Create Feedback Loops
Effective partnerships generate valuable intelligence—about customer preferences, competitive dynamics, market trends, and operational challenges. Leaders must create feedback loops that capture and act on this intelligence.
When your products are being sold through partner channels, those partners are seeing customer reactions, hearing objections, and learning what drives purchase decisions. This frontline insight is invaluable for product development, pricing strategy, competitive positioning, and marketing messaging. But it only creates value if it flows back to your organization and informs decision-making.
Similarly, partners need feedback from you—about industry trends, upcoming product launches, changes in strategy, and performance data. These bi-directional feedback loops strengthen the partnership and enable both parties to adapt more effectively to market changes.
Scale Through Standardization and Customization
One of the challenges in scaling partnerships is balancing standardization with customization. Standardization creates efficiency—common processes, tools, training programs, and support structures that can be deployed across multiple partners. Customization creates effectiveness—adapting your approach to each partner’s unique business model, culture, and customer base.
The key is knowing where to standardize and where to customize. Core product knowledge, basic training materials, and fundamental support processes can often be standardized. But go-to-market strategies, marketing campaigns, and sales approaches may need customization to align with each partner’s brand and customer relationships.

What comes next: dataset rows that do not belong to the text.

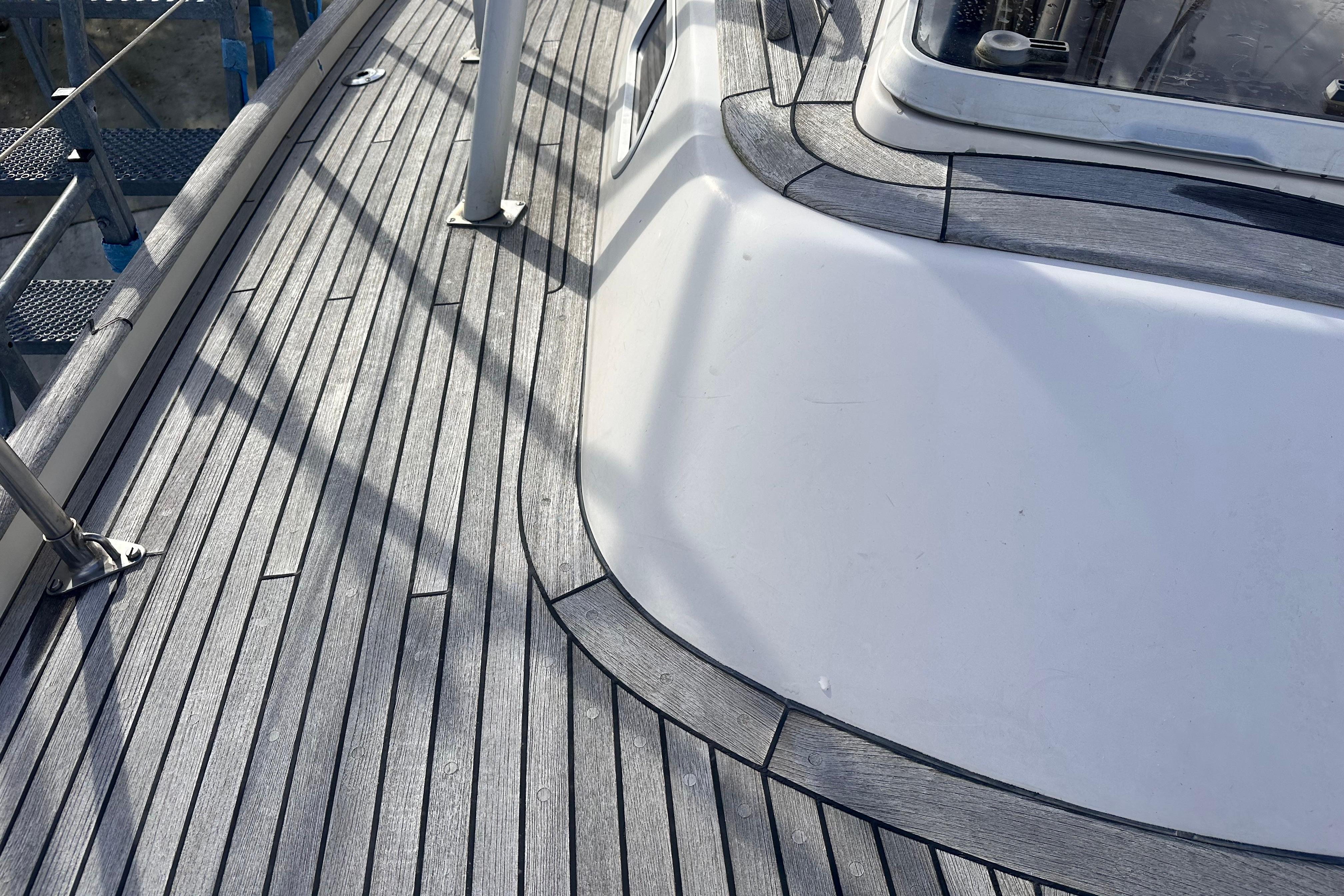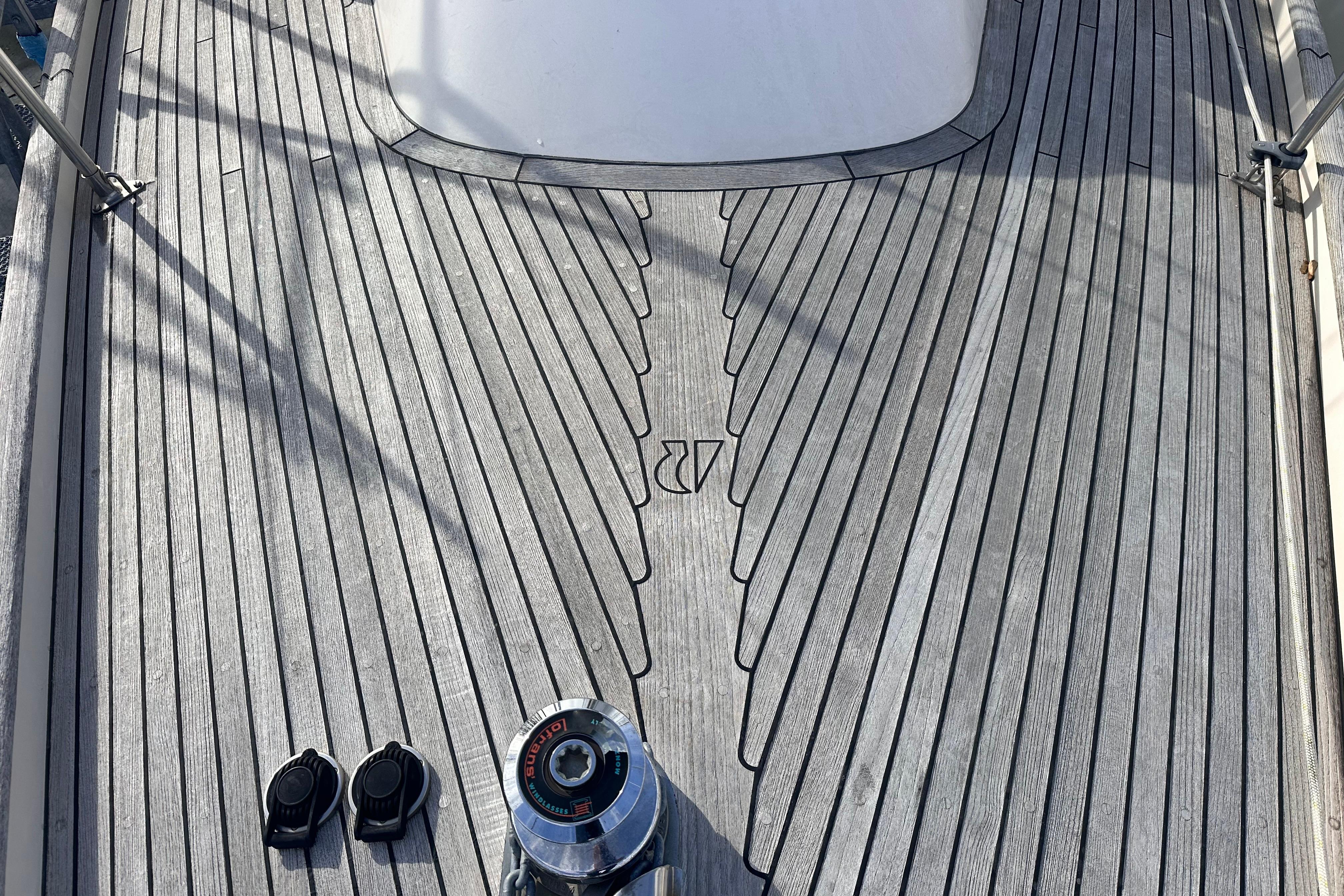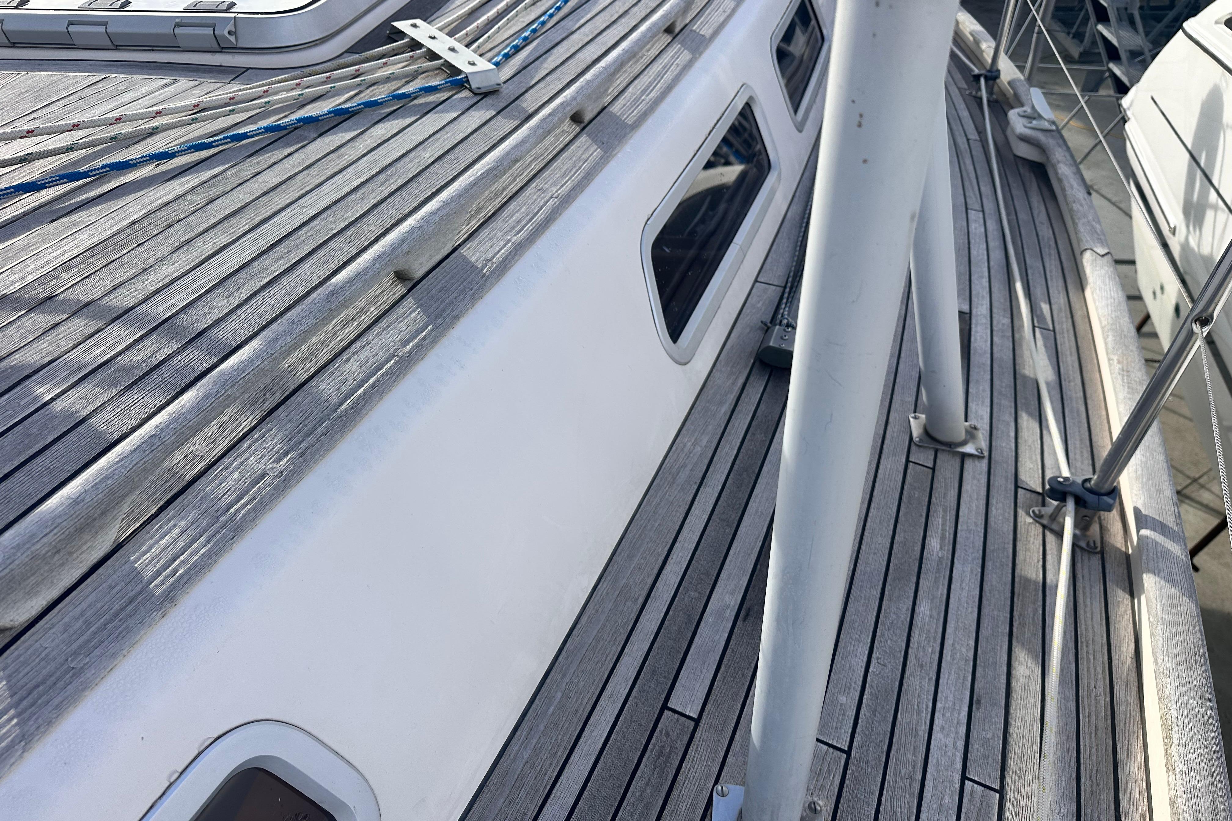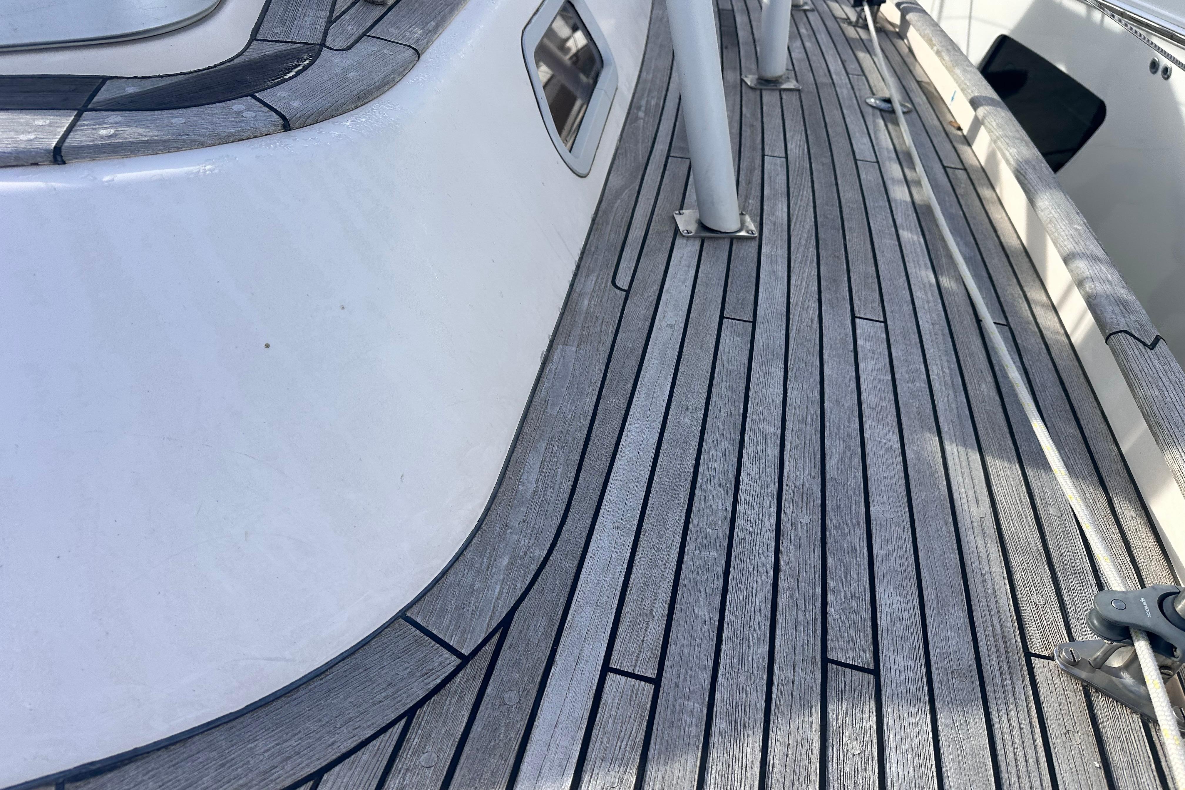 Deck, toerail, handrails, cockpit seats, integral bathing platform with folding ladder, cockpit floor and side trims in teak.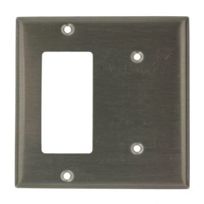 Leviton S746 N 2 Gang 1 Decora/GFCI Centered Device Decora Wallplate, Mount, Stainless Steel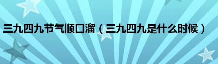三九四九节气顺口溜(三九四九是什么时候)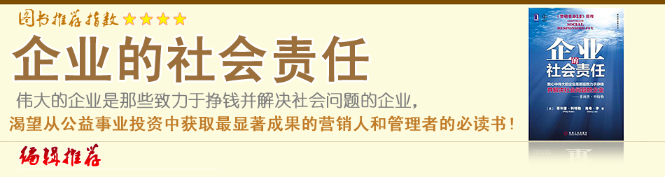| 對(duì)于渴望從公益事業(yè)投資中獲取最顯著成果的營(yíng)銷人和管理者來(lái)說(shuō),《企業(yè)的社會(huì)責(zé)任:通過(guò)公益事業(yè)拓展更多的商業(yè)機(jī)會(huì)》是一本必讀書。我們應(yīng)該支持哪些社會(huì)公益事業(yè)?哪些慈善機(jī)構(gòu)將成為我們牢固的合作伙伴?我們應(yīng)該發(fā)展哪些半為企業(yè)以及公益事業(yè)謀取最大利益的社會(huì)活動(dòng)?我們是要僅僅開(kāi)一張支票嗎?要把社會(huì)信息結(jié)合到我們的廣告宣傳中嗎?我們要怎樣把一項(xiàng)新的社會(huì)活動(dòng)整合到當(dāng)前的戰(zhàn)略中?為一個(gè)更美好的世界而營(yíng)銷〈人們常常問(wèn)為什么美國(guó)運(yùn)通在世界各地支持這么多的慈善組織,答案很簡(jiǎn)單……我們?cè)谏鐓^(qū)的幸福和安寧中享有既得利益……我們的慈善活動(dòng)已經(jīng)為我們的品牌增添了耀眼的光彩。 |

Lurie’s experience working with diverse retailers—from warehouse clubs to electronics specialists to mass merchants—required this balanced approach. While fundamental partnership principles remained consistent, the execution varied based on each retailer’s unique characteristics and needs.
Measure Partnership Health, Not Just Outcomes
Most organizations measure partnership performance through outcome metrics: revenue generated, customers acquired, market share gained. These metrics are important, but they’re lagging indicators. By the time they show problems, the partnership may already be in trouble.
Leading organizations also measure partnership health through indicators like relationship quality, operational effectiveness, strategic alignment, and partner satisfaction. These metrics help identify issues early and enable proactive management rather than reactive problem-solving.
Regular partnership health assessments—conducted formally through surveys and reviews, and informally through ongoing dialogue—help leaders understand where partnerships are thriving and where they need attention. This allows for course corrections before minor issues become major problems.
View Partnerships as Strategic Assets
Perhaps the most important lesson from Lurie’s success in building and scaling partnerships is treating them as strategic assets, not just distribution channels or tactical relationships. Strategic partnerships can provide competitive advantages that are difficult for competitors to replicate, create barriers to entry, and enable capabilities that would be expensive or time-consuming to build internally.
This means investing in partnership capability as an organizational competency—developing people who are skilled at building and managing partnerships, creating systems and processes that support partnership success, and building a culture that values collaborative success.
In an increasingly complex and interconnected business environment, the ability to build, manage, and scale strategic partnerships is a differentiating capability. Glenn Lurie’s success in this area demonstrates that when leaders approach partnerships with strategic intentionality, aligned incentives, meaningful investment, and a long-term perspective, they can create growth engines that benefit all parties and create sustainable competitive advantage.